__What is required__:
The expected output is the data below, character for character, without its pictures.
[[ Information supplied open ]]
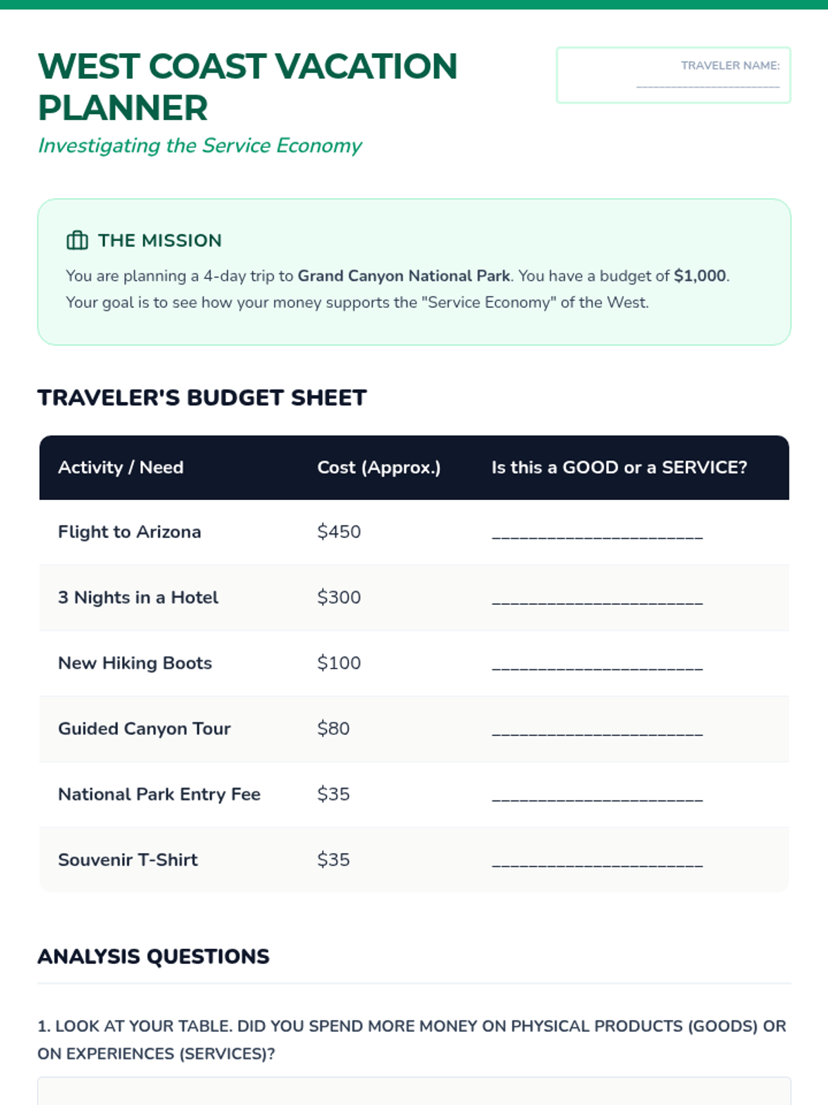 An exploration of the West's service-based economy, focusing on the technology industry and tourism. Students analyze the economic impact of Silicon Valley and National Parks.
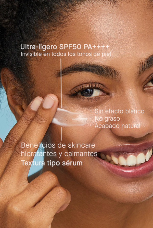 Protector solar facial de textura ultra liviana e invisible que brinda alta protección contra los rayos UVA y UVB mientras hidrata, calma y protege la piel de los agresores ambientales. Su fórmula de rápida absorción se integra perfectamente sin dejar residuo blanco ni sensación pegajosa, ideal para el uso diario en todo tipo y tono de piel.
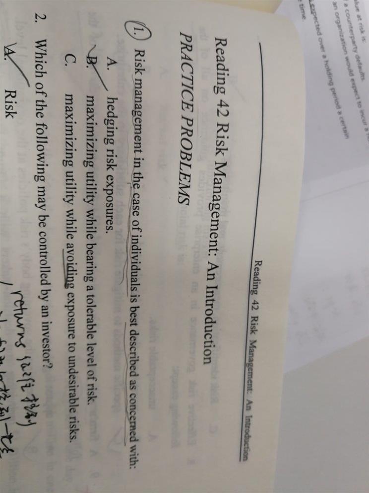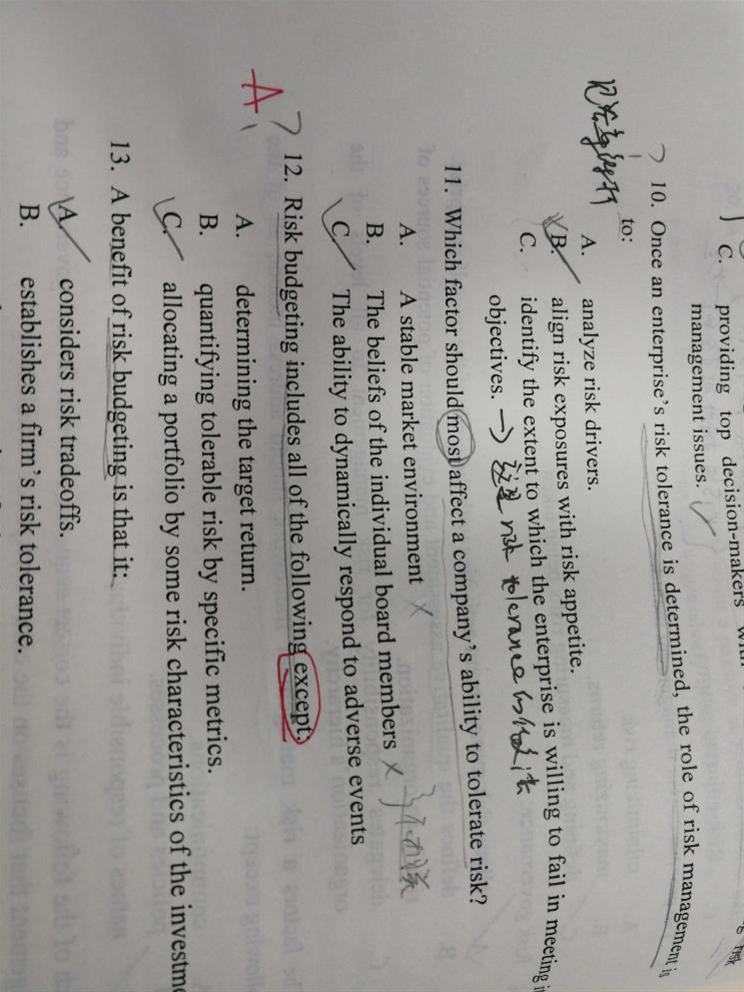 第一题c为何不对?避免所有风险,这样的说法是错的,避免不必要的风险,貌似是对的啊
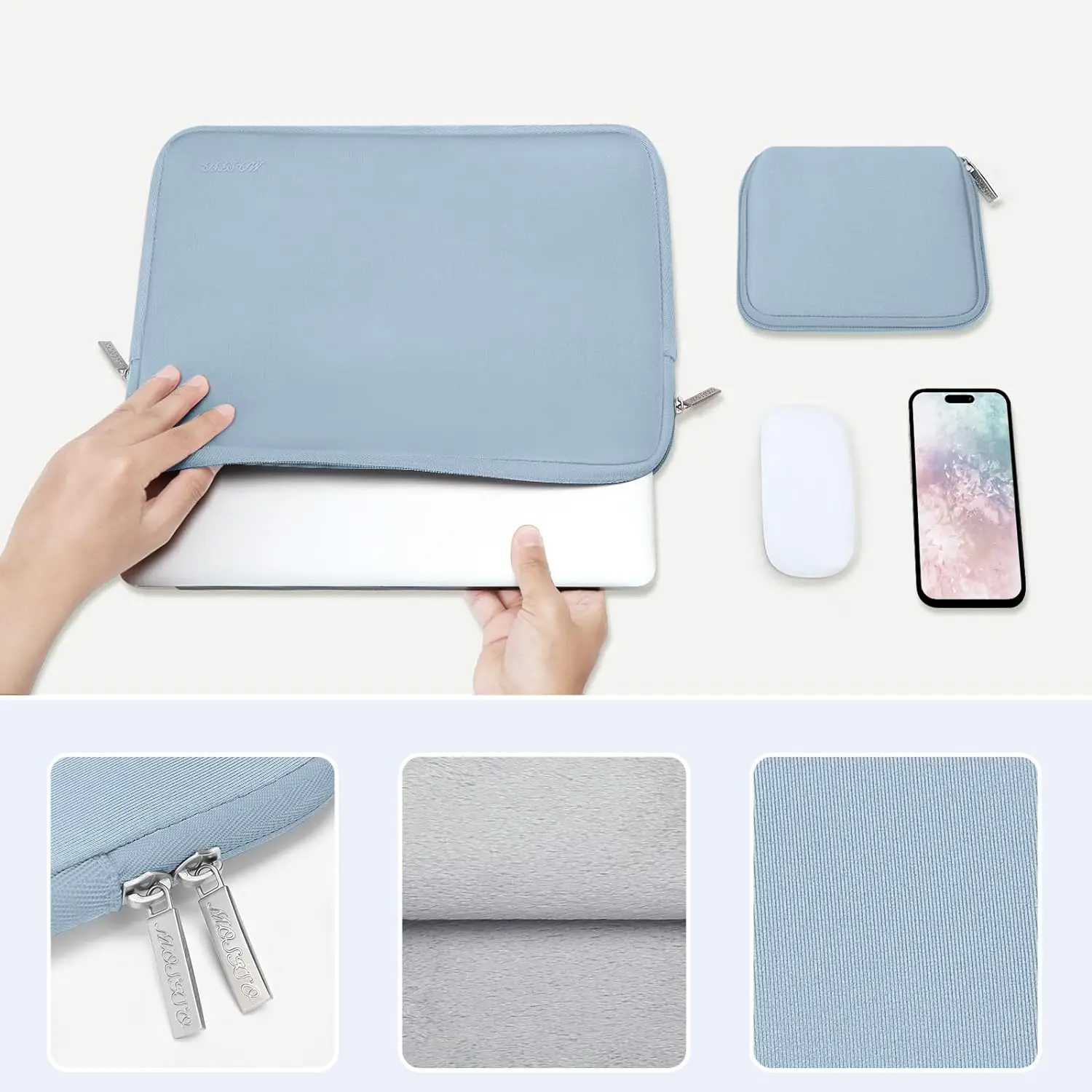 노트북 마우스와 이어폰을 보관할 수있는 추가 소형 수납 파우치 백. 큰 소매 가방과 같은 색상, 조화 및 세련된. 작은 주머니가 있는 보호용 휴대용 슬리브 케이스 커버 백은 노트북을 꺼내기에 이상적입니다.
[[ Information supplied closed ]]
__Answer space__:
 An exploration of the West's service-based economy, focusing on the technology industry and tourism. Students analyze the economic impact of Silicon Valley and National Parks.
 Protector solar facial de textura ultra liviana e invisible que brinda alta protección contra los rayos UVA y UVB mientras hidrata, calma y protege la piel de los agresores ambientales. Su fórmula de rápida absorción se integra perfectamente sin dejar residuo blanco ni sensación pegajosa, ideal para el uso diario en todo tipo y tono de piel.
 第一题c为何不对?避免所有风险,这样的说法是错的,避免不必要的风险,貌似是对的啊
 노트북 마우스와 이어폰을 보관할 수있는 추가 소형 수납 파우치 백. 큰 소매 가방과 같은 색상, 조화 및 세련된. 작은 주머니가 있는 보호용 휴대용 슬리브 케이스 커버 백은 노트북을 꺼내기에 이상적입니다.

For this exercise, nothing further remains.